### Extracted information

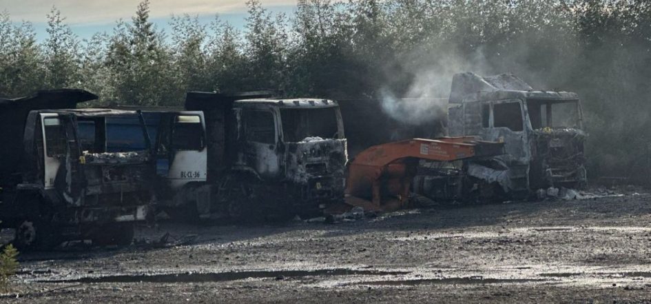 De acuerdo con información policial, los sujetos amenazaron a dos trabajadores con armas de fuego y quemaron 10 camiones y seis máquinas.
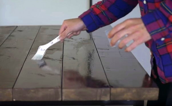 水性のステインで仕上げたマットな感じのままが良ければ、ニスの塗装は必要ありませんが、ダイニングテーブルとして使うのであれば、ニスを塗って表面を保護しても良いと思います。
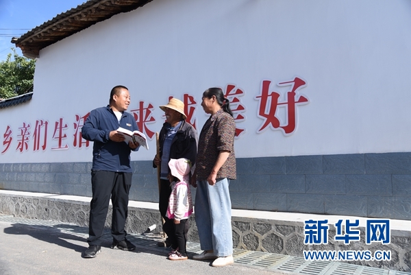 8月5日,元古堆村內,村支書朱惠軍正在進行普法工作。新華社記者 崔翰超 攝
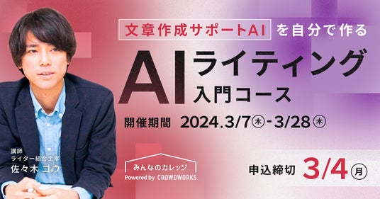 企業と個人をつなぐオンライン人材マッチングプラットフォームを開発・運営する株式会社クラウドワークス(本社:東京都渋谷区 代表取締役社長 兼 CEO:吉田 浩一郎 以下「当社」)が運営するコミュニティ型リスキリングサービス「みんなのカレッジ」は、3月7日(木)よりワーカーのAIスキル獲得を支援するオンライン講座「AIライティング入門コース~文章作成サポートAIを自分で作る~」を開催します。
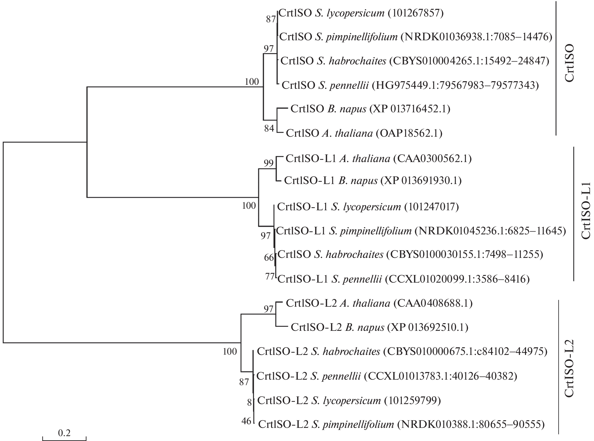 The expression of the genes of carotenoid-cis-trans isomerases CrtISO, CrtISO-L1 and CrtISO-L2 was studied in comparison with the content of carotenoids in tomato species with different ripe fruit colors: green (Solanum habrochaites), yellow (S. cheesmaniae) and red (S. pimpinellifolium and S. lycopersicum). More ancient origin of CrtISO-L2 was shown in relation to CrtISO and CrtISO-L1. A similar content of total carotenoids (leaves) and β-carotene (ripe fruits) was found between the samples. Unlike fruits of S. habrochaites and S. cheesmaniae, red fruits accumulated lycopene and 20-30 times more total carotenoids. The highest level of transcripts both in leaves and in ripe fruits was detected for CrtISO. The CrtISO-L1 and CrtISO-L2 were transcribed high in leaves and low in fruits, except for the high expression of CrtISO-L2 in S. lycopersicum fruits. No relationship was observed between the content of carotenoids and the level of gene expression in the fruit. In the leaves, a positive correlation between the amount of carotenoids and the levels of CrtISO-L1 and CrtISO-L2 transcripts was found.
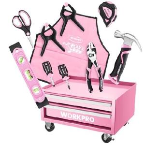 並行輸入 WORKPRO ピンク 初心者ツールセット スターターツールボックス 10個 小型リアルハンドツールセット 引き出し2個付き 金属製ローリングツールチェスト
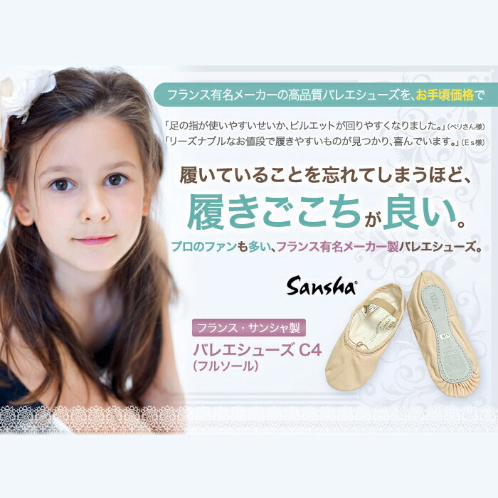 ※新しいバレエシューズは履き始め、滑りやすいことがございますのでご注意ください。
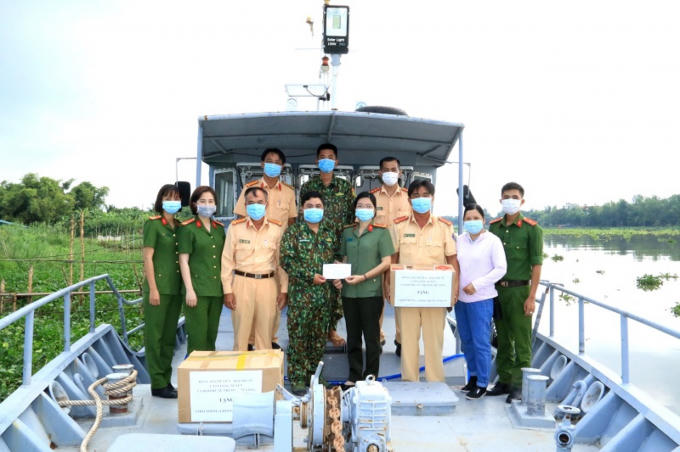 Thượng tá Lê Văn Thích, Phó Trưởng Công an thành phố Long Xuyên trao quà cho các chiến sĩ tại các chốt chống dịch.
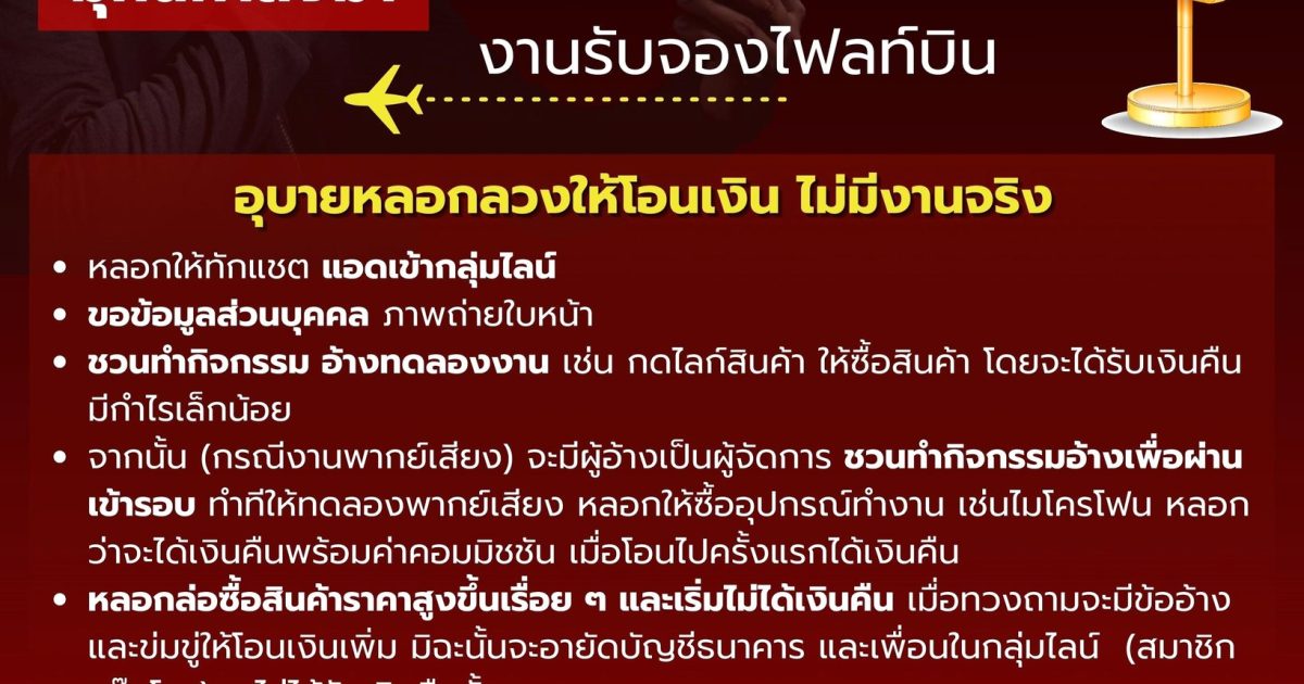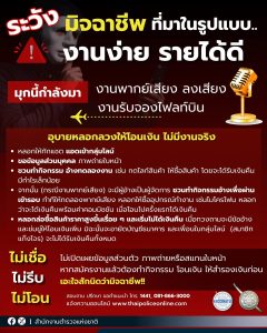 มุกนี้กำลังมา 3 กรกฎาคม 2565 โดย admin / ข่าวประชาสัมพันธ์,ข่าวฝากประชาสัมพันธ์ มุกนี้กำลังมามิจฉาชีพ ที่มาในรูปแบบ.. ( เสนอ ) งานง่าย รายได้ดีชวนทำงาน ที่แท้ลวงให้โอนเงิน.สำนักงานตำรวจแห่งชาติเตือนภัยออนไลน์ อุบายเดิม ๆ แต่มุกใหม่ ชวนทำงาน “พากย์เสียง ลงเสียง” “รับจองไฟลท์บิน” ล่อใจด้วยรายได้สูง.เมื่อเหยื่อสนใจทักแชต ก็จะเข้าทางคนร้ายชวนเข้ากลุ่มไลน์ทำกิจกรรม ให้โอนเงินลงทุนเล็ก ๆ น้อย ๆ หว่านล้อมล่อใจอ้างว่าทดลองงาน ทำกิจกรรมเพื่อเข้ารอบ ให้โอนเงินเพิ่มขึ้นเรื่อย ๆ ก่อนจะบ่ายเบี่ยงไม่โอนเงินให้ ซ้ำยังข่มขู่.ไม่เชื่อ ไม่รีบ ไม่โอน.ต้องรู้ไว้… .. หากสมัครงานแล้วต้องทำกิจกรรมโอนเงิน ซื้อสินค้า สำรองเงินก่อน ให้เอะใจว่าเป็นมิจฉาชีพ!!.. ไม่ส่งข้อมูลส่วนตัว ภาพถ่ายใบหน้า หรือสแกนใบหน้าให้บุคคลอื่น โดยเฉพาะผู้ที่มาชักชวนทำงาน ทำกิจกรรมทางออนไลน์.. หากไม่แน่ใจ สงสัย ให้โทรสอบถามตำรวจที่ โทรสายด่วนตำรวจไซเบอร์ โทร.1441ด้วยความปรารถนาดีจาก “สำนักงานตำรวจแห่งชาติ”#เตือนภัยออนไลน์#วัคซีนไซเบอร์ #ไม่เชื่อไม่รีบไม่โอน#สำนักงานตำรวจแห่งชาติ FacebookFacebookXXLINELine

### Assignment
In copying the material, drop all pictures and keep everything else identical.

### The completed task
 De acuerdo con información policial, los sujetos amenazaron a dos trabajadores con armas de fuego y quemaron 10 camiones y seis máquinas.
 水性のステインで仕上げたマットな感じのままが良ければ、ニスの塗装は必要ありませんが、ダイニングテーブルとして使うのであれば、ニスを塗って表面を保護しても良いと思います。
 8月5日,元古堆村內,村支書朱惠軍正在進行普法工作。新華社記者 崔翰超 攝
 企業と個人をつなぐオンライン人材マッチングプラットフォームを開発・運営する株式会社クラウドワークス(本社:東京都渋谷区 代表取締役社長 兼 CEO:吉田 浩一郎 以下「当社」)が運営するコミュニティ型リスキリングサービス「みんなのカレッジ」は、3月7日(木)よりワーカーのAIスキル獲得を支援するオンライン講座「AIライティング入門コース~文章作成サポートAIを自分で作る~」を開催します。
 The expression of the genes of carotenoid-cis-trans isomerases CrtISO, CrtISO-L1 and CrtISO-L2 was studied in comparison with the content of carotenoids in tomato species with different ripe fruit colors: green (Solanum habrochaites), yellow (S. cheesmaniae) and red (S. pimpinellifolium and S. lycopersicum). More ancient origin of CrtISO-L2 was shown in relation to CrtISO and CrtISO-L1. A similar content of total carotenoids (leaves) and β-carotene (ripe fruits) was found between the samples. Unlike fruits of S. habrochaites and S. cheesmaniae, red fruits accumulated lycopene and 20-30 times more total carotenoids. The highest level of transcripts both in leaves and in ripe fruits was detected for CrtISO. The CrtISO-L1 and CrtISO-L2 were transcribed high in leaves and low in fruits, except for the high expression of CrtISO-L2 in S. lycopersicum fruits. No relationship was observed between the content of carotenoids and the level of gene expression in the fruit. In the leaves, a positive correlation between the amount of carotenoids and the levels of CrtISO-L1 and CrtISO-L2 transcripts was found.
 並行輸入 WORKPRO ピンク 初心者ツールセット スターターツールボックス 10個 小型リアルハンドツールセット 引き出し2個付き 金属製ローリングツールチェスト
 ※新しいバレエシューズは履き始め、滑りやすいことがございますのでご注意ください。
 Thượng tá Lê Văn Thích, Phó Trưởng Công an thành phố Long Xuyên trao quà cho các chiến sĩ tại các chốt chống dịch.
 มุกนี้กำลังมา 3 กรกฎาคม 2565 โดย admin / ข่าวประชาสัมพันธ์,ข่าวฝากประชาสัมพันธ์ มุกนี้กำลังมามิจฉาชีพ ที่มาในรูปแบบ.. ( เสนอ ) งานง่าย รายได้ดีชวนทำงาน ที่แท้ลวงให้โอนเงิน.สำนักงานตำรวจแห่งชาติเตือนภัยออนไลน์ อุบายเดิม ๆ แต่มุกใหม่ ชวนทำงาน “พากย์เสียง ลงเสียง” “รับจองไฟลท์บิน” ล่อใจด้วยรายได้สูง.เมื่อเหยื่อสนใจทักแชต ก็จะเข้าทางคนร้ายชวนเข้ากลุ่มไลน์ทำกิจกรรม ให้โอนเงินลงทุนเล็ก ๆ น้อย ๆ หว่านล้อมล่อใจอ้างว่าทดลองงาน ทำกิจกรรมเพื่อเข้ารอบ ให้โอนเงินเพิ่มขึ้นเรื่อย ๆ ก่อนจะบ่ายเบี่ยงไม่โอนเงินให้ ซ้ำยังข่มขู่.ไม่เชื่อ ไม่รีบ ไม่โอน.ต้องรู้ไว้… .. หากสมัครงานแล้วต้องทำกิจกรรมโอนเงิน ซื้อสินค้า สำรองเงินก่อน ให้เอะใจว่าเป็นมิจฉาชีพ!!.. ไม่ส่งข้อมูลส่วนตัว ภาพถ่ายใบหน้า หรือสแกนใบหน้าให้บุคคลอื่น โดยเฉพาะผู้ที่มาชักชวนทำงาน ทำกิจกรรมทางออนไลน์.. หากไม่แน่ใจ สงสัย ให้โทรสอบถามตำรวจที่ โทรสายด่วนตำรวจไซเบอร์ โทร.1441ด้วยความปรารถนาดีจาก “สำนักงานตำรวจแห่งชาติ”#เตือนภัยออนไลน์#วัคซีนไซเบอร์ #ไม่เชื่อไม่รีบไม่โอน#สำนักงานตำรวจแห่งชาติ FacebookFacebookXXLINELine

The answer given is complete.